WORK ORDER – Leave out any picture and return the remaining listing below exactly as given.

DATASET EXCERPT –
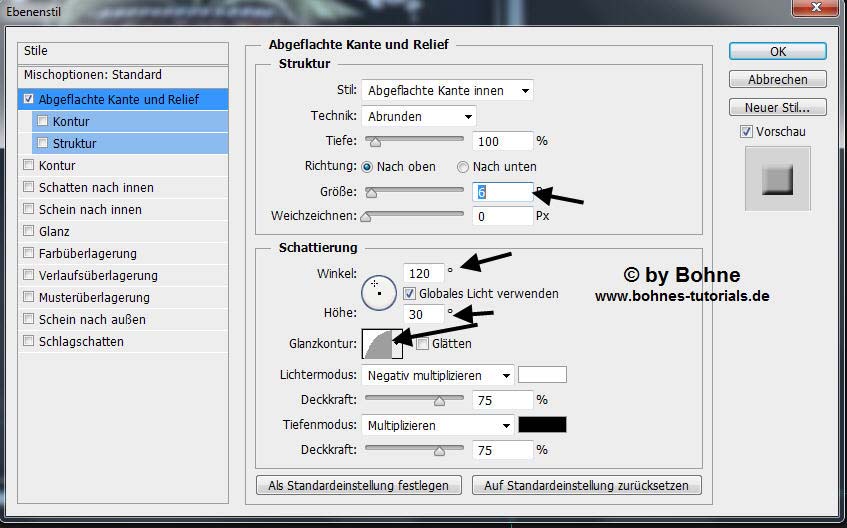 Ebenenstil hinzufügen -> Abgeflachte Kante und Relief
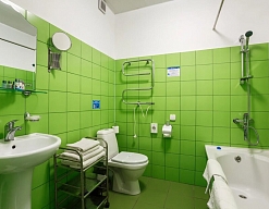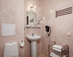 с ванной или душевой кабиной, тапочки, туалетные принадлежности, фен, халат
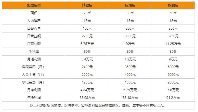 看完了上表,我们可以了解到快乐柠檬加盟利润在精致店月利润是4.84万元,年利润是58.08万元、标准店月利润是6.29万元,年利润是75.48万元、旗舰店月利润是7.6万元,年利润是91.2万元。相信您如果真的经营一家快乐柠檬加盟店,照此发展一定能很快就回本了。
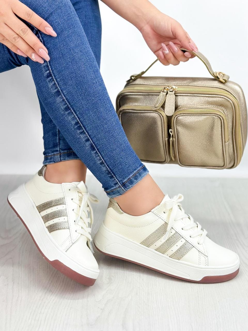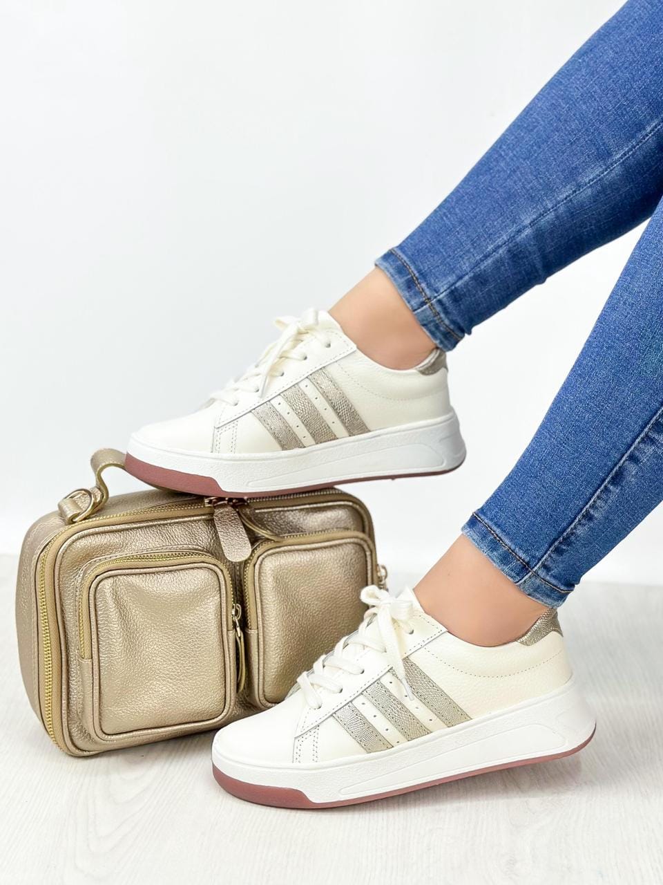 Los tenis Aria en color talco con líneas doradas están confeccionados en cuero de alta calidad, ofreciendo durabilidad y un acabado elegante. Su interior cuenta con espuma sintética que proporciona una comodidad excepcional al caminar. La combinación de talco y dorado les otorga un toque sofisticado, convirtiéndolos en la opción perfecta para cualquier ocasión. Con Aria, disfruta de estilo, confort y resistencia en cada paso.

RESULT –
 Ebenenstil hinzufügen -> Abgeflachte Kante und Relief
 с ванной или душевой кабиной, тапочки, туалетные принадлежности, фен, халат
 看完了上表,我们可以了解到快乐柠檬加盟利润在精致店月利润是4.84万元,年利润是58.08万元、标准店月利润是6.29万元,年利润是75.48万元、旗舰店月利润是7.6万元,年利润是91.2万元。相信您如果真的经营一家快乐柠檬加盟店,照此发展一定能很快就回本了。
 Los tenis Aria en color talco con líneas doradas están confeccionados en cuero de alta calidad, ofreciendo durabilidad y un acabado elegante. Su interior cuenta con espuma sintética que proporciona una comodidad excepcional al caminar. La combinación de talco y dorado les otorga un toque sofisticado, convirtiéndolos en la opción perfecta para cualquier ocasión. Con Aria, disfruta de estilo, confort y resistencia en cada paso.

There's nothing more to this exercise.